"asia pacific arts" says

Posted by The Elements On Monday, March 1, 2010 0 comments
http://www.asiaarts.ucla.edu/090501/article.asp?parentID=107769

Waking Life and Death: Children of the Pyre review
By Rowena Aquino

Winner of the Grand Jury Prize for Best Documentary, Rajesh S. Jala's Children of the Pyre takes a direct approach to documenting the lives of children born to work at the Makarnika Cremation Grounds.

The startling documentary Children of the Pyre arrived at the IFFLA last weekend to present the unsettling yet undeniably affecting lives of seven young boys who are among some of the children who work in Varanasi, Banaras, India as cremators. Filmed over the course of 18 months in the "busiest" and most sacred cremation ground in India – the Makarnika Cremation Grounds – located along the banks of the Ganges River, filmmaker Rajesh S. Jala's latest feature-length documentary upends and redefines the meaning of "direct" in direct cinema and its observational, non-interventionist style.

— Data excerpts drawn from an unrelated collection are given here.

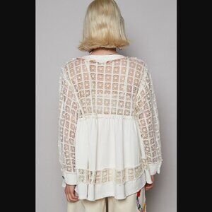 POL Lace Patch Button Down Jacket Top Off White NEW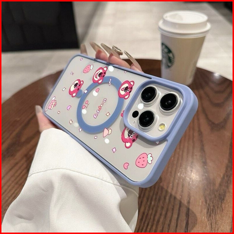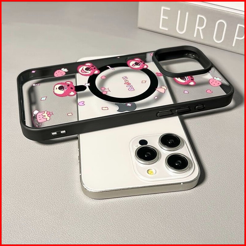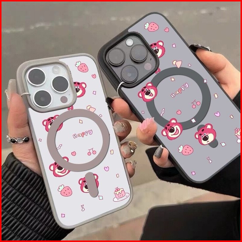 Juni Case Iphone 15 Beruang Stroberi Dengan Magnet Casing Ponsel Cocok Untuk Iphone 11 11promax Softcase Macaron 12 13 1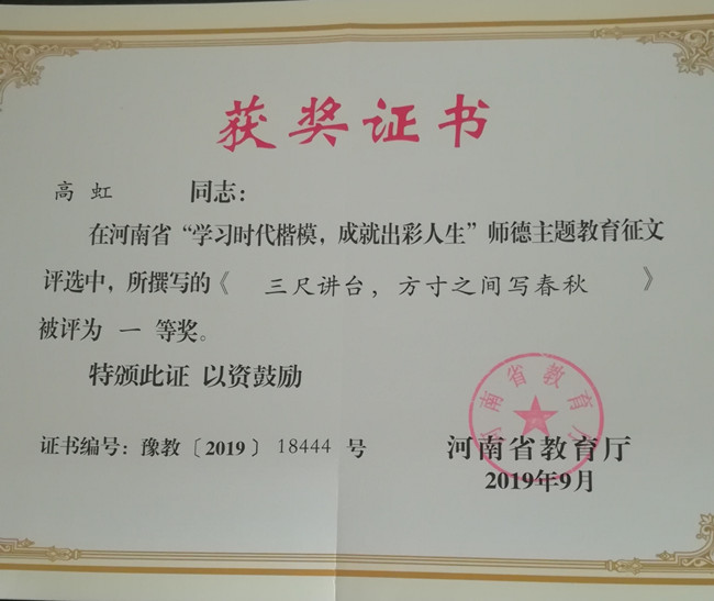 近日獲悉,我校外國語學院高虹老師在河南省“學習時代楷模,成就出彩人生”師德主題教育征文評選中所撰寫的《三尺講臺,方寸之間寫春秋》榮獲河南省教育廳師德教育征文一等獎。

The film is nothing but direct in speaking with and filming the 7 children, in showing the process of cremation, and even close up shots of burning bodies. At the same time, there is no attempt to hide the presence of Jala and the camera mediating the boys' lives. In individual interviews, some of the children like Ravi express desire to end the conversation to go off and do something else, or call Jala on possible prejudice – against, for example, the fact that a majority of the boys smoke marijuana. As such, what one sees on the screen never translates as the result of a claim that "these images give an over-arching view" of these children's lives. The camera does not serve here as a kind of morbid avatar to experience living in and off of funeral pyres like the children, only to stamp upon it during the editing process a narrative arc of happy closure where the children "get out" -- so that spectators can feel good about having watched wretched conditions while not being in the same situation.



So let's say the obvious: the problem with most documentary films that deal with some kind of explicit content, especially when children are involved, is the impulse to contain the subject within the film – by tracing an all's-well-that-ends-well arc for drama's sake. Not that I don't want a happy ending – who doesn't? But the danger, even hypocrisy, in participating in harsh living conditions while filming people and situations is that the rush to the happy ending can all but eclipse the actual everyday lives of those who, unlike the camera (because it isn't human) and unlike the filmmaker (because…well, s/he is a filmmaker), cannot or do not move out. Certainly, Jala wants to help these children and bring heightened awareness to the kind of social system that conditions and perpetuates such child labour. I don't question that. But what I appreciate most about Children of the Pyre is its understanding of the power of "present tense" filmmaking that direct cinema made all but the norm, while realising that direct cinema's "crisis" structure is at the very least defective and suspect.

Jala filmed over 100 hours of footage with the children, their respective families, and the locals that live or work in and around Makarnika. But the resulting film never leaves the cremation grounds, a decision that condenses the visual force of the subject, principally because the children more or less live, work and sleep there. And yes, visually, Children of the Pyre is a difficult film to watch. It's very physical, sensual, in the sense of being aware of the materiality of the body.

Images of the body abound, that result from this mode of living to which the children are more or less born (they are members of the "Dom" community – considered to be "untouchables"): some of the children's bodies are pockmarked due to constant exposure to the pyres (100-150 bodies are burned daily); body parts become detached as the pyre blazes; the burning of skin; the children's faces covered in sweat; the dancing body of a woman on a stage for a festival, located next door to the cremation grounds; Gagan, one of the boys, dancing himself, energetically, perhaps even joyously – to such a degree that he isn't aware of his talent; the piles of silk shrouds that cover the dead, which the boys snatch expertly in order to sell for their livelihood.

"Mode of living," "livelihood"? More like survival.